Will Berndt, a 72-year-old general contractor, said that he saw smoke plumes as they drifted toward his house on a hill. He was with his cat, Marly, when he said his house was safe, however another house he had been working on "for a long time" for a client had been destroyed.

"I live up on that ridge so our house is not affected right now, but most of our friends and neighbors, the church in Grizzly are gone. I had a big project in Grizzly, I'm a contractor, but the house blew up. It's gone. I spent a lot of time on that house, and they haven't paid me yet, so..." 

"That's my life, that's my whole life," he said. 

Berndt said he built the house himself more than 40 years ago, and he was frustrated by that U.S. Forest Service helicopters did not put out the fire while it was still small enough.

"We have talked about it, we've been up here for 43 years and we had talked about, so, what if the mountain burns, what are we gonna do?" said Berndt. "It's like, well, you just grab what you can and get out of here.
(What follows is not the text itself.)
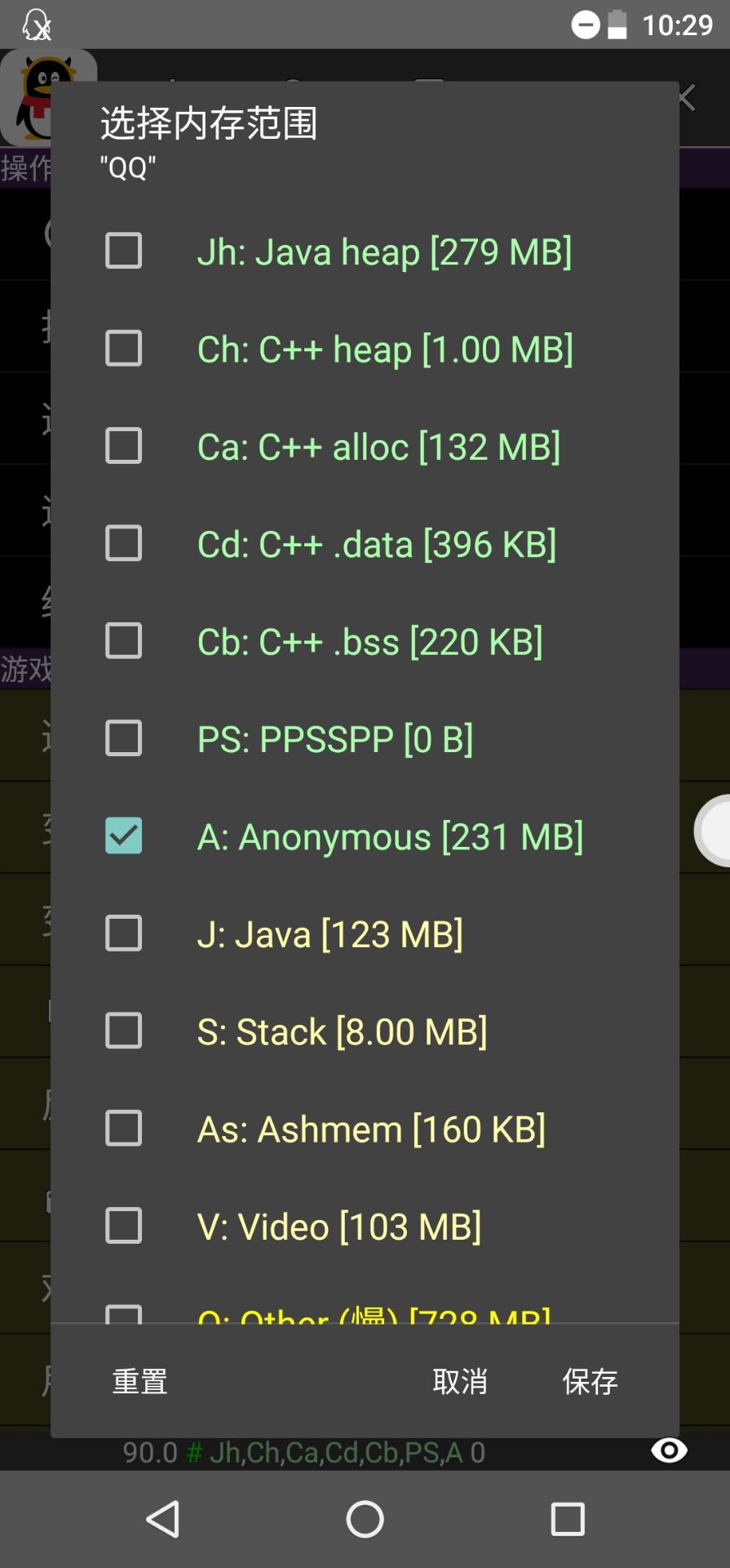 2.选择好了后设置GG修改器为内存范围为A

It's one of those thoughts that, you see it on TV, you see other communities have to deal with it, and you go, 'Well, that sucks.' But you never think that, you know, we're gonna be in the path of a stinking firestorm." he added.

The National Weather Service issued a red flag warning in place across a wide swath of interior Northern California and the Sierra Nevada foothills, in effect from 5 p.m. Tuesday to 8 p.m. Wednesday due to gusts that could reach 35 mph.

Experts predict aggresive fire growth to come, because of the gusty winds, unless there is an inversion produced by the smoke.